'''

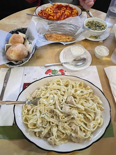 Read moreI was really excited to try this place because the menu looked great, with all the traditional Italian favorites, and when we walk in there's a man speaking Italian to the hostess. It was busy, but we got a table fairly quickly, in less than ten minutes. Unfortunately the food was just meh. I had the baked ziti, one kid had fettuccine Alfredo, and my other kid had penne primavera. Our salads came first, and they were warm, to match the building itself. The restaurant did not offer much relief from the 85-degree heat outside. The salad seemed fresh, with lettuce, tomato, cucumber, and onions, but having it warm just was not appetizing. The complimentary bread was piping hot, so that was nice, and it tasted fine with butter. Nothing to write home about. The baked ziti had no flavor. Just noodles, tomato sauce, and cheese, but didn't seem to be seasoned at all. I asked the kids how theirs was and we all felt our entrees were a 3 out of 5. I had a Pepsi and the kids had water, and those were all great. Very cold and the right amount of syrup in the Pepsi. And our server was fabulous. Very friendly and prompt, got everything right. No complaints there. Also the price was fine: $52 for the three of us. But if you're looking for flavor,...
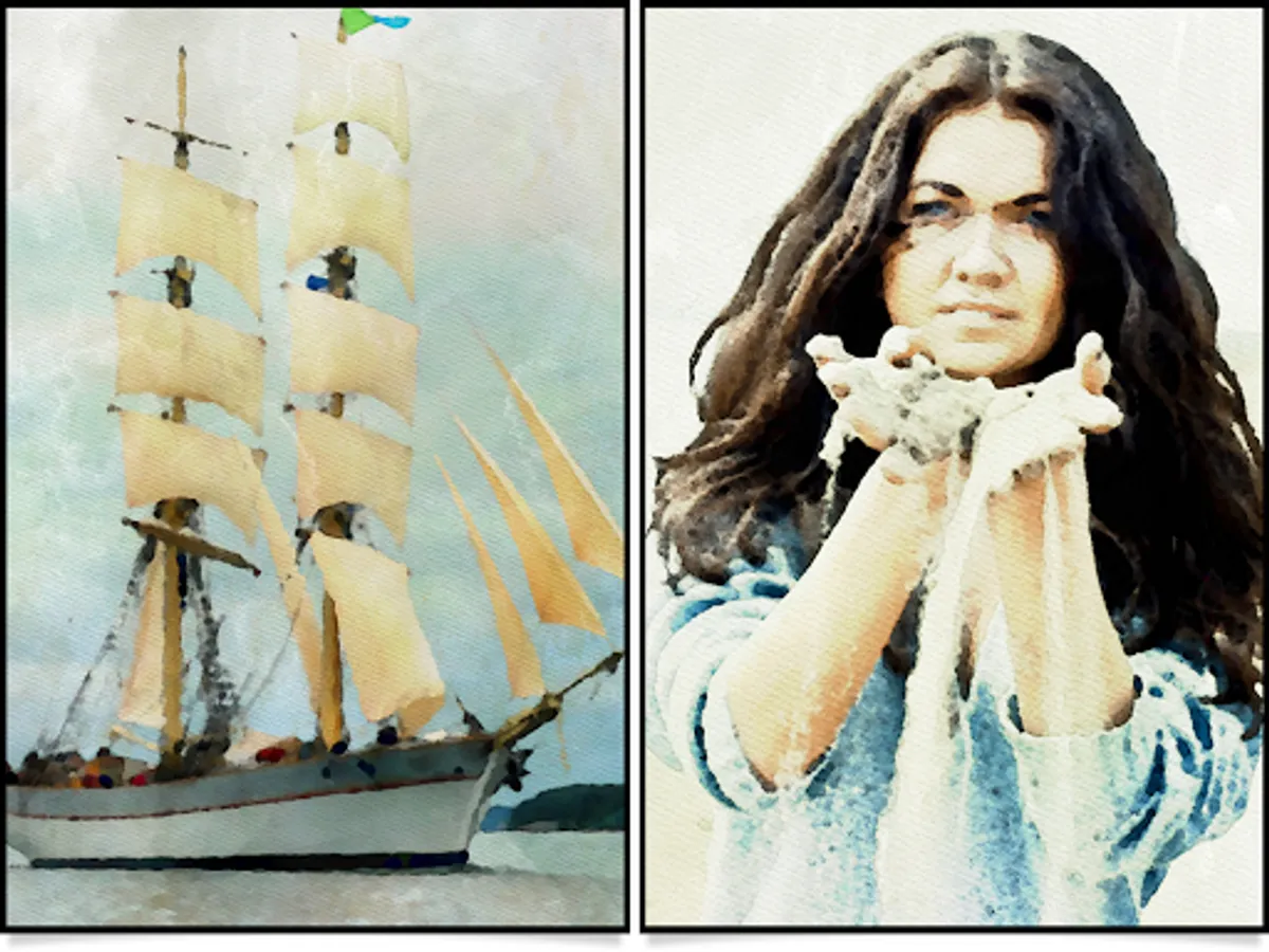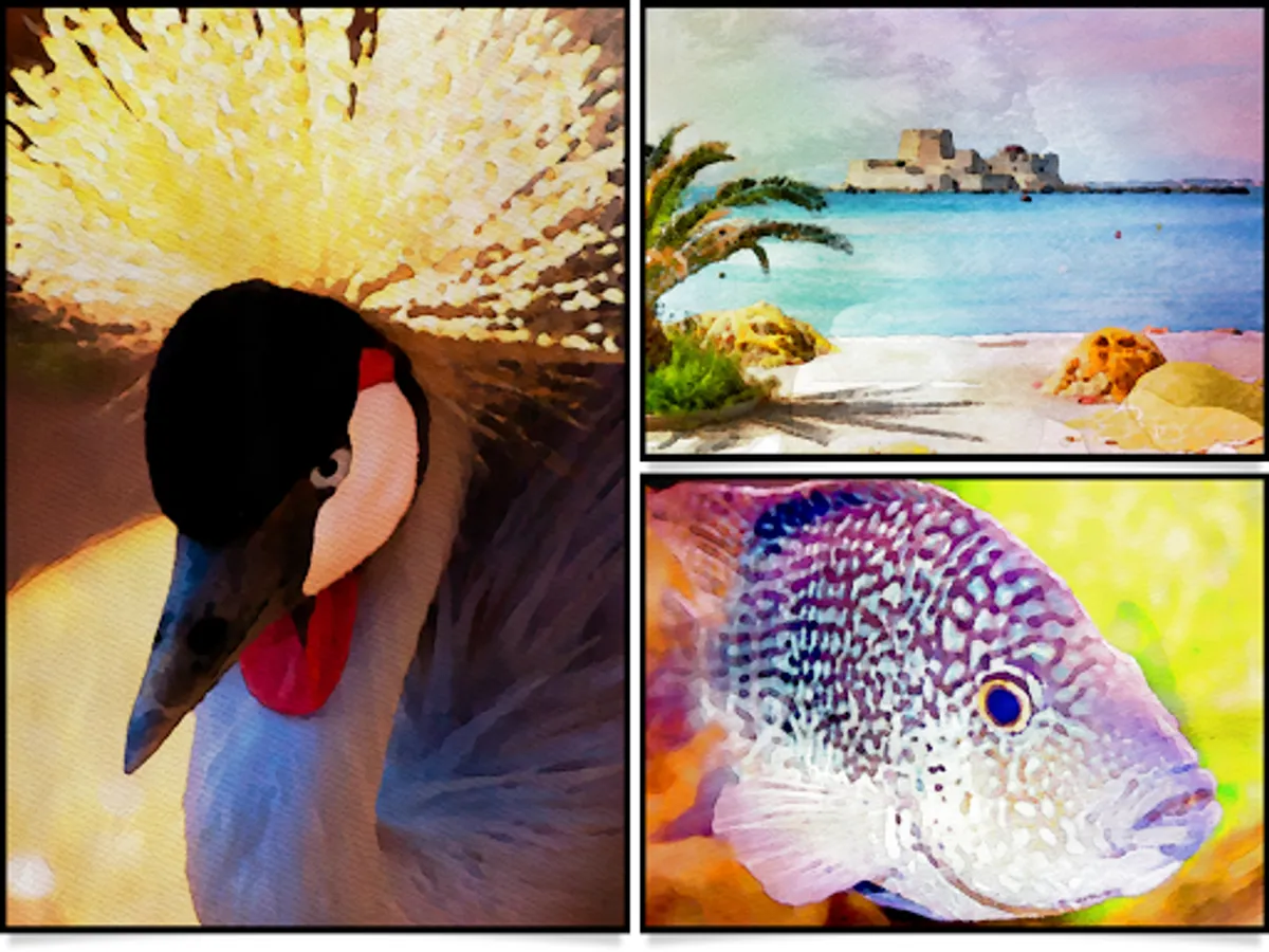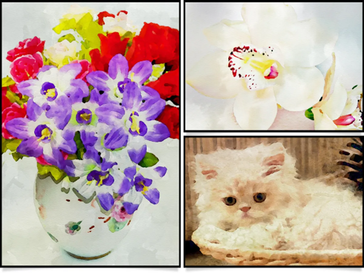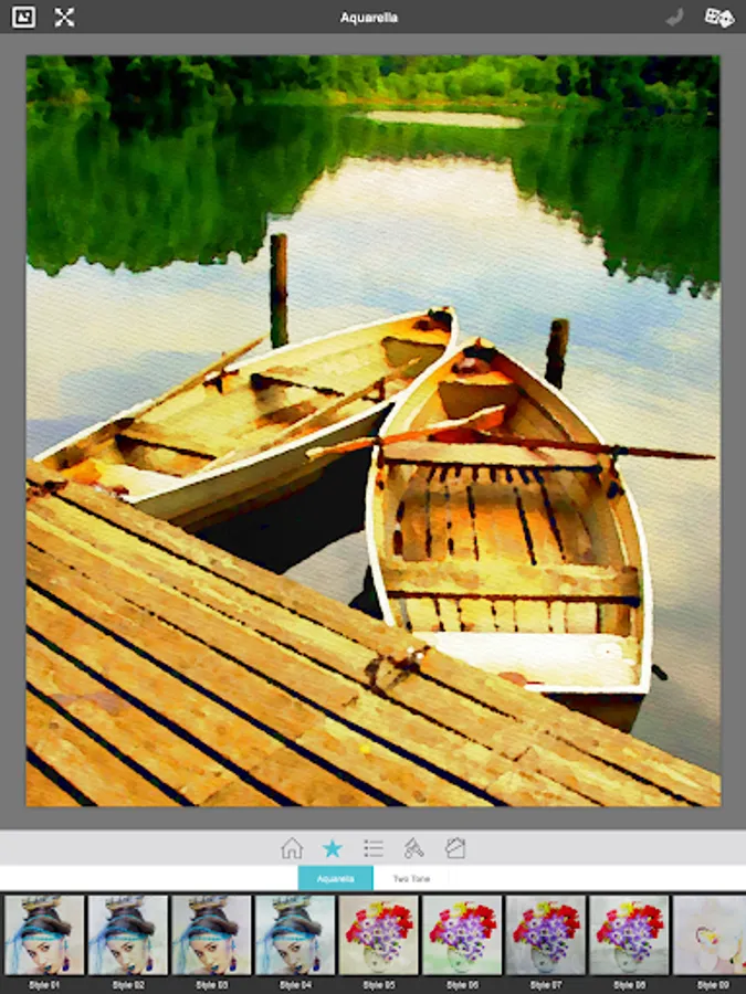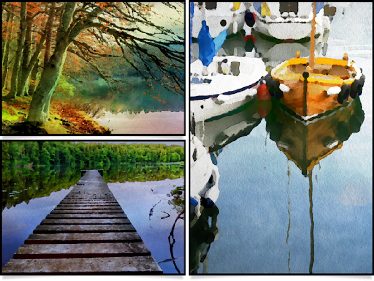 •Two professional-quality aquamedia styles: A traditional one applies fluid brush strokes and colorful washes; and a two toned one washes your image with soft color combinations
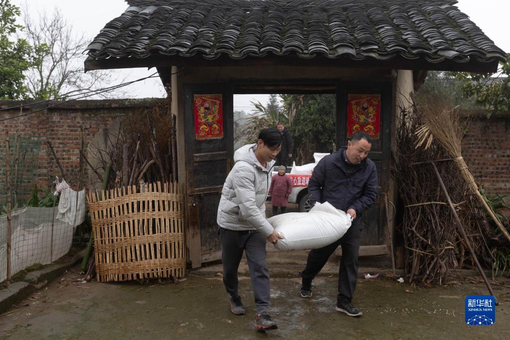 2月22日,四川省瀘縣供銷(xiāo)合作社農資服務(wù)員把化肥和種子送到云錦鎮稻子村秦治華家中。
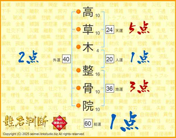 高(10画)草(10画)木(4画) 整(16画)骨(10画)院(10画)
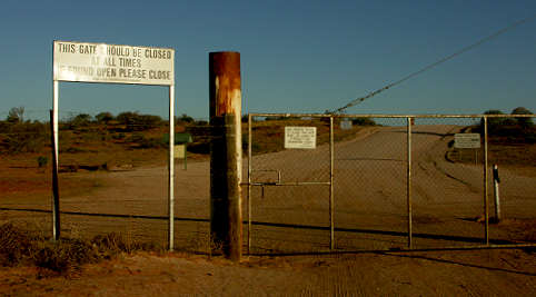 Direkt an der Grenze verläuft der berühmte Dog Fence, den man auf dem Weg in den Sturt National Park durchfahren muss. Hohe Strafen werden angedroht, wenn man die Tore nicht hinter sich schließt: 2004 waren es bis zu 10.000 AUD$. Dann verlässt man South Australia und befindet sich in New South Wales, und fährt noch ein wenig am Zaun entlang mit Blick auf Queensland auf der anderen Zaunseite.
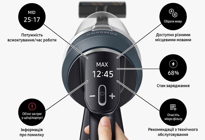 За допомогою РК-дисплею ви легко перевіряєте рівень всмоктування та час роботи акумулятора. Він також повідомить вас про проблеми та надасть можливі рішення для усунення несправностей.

'''

Exercise prompt: The lines from the one holding "Direkt an der" to the final line of the entries are to be duplicated exactly, and the pictures are to be left out.

Result for this exercise:
 Direkt an der Grenze verläuft der berühmte Dog Fence, den man auf dem Weg in den Sturt National Park durchfahren muss. Hohe Strafen werden angedroht, wenn man die Tore nicht hinter sich schließt: 2004 waren es bis zu 10.000 AUD$. Dann verlässt man South Australia und befindet sich in New South Wales, und fährt noch ein wenig am Zaun entlang mit Blick auf Queensland auf der anderen Zaunseite.
 За допомогою РК-дисплею ви легко перевіряєте рівень всмоктування та час роботи акумулятора. Він також повідомить вас про проблеми та надасть можливі рішення для усунення несправностей.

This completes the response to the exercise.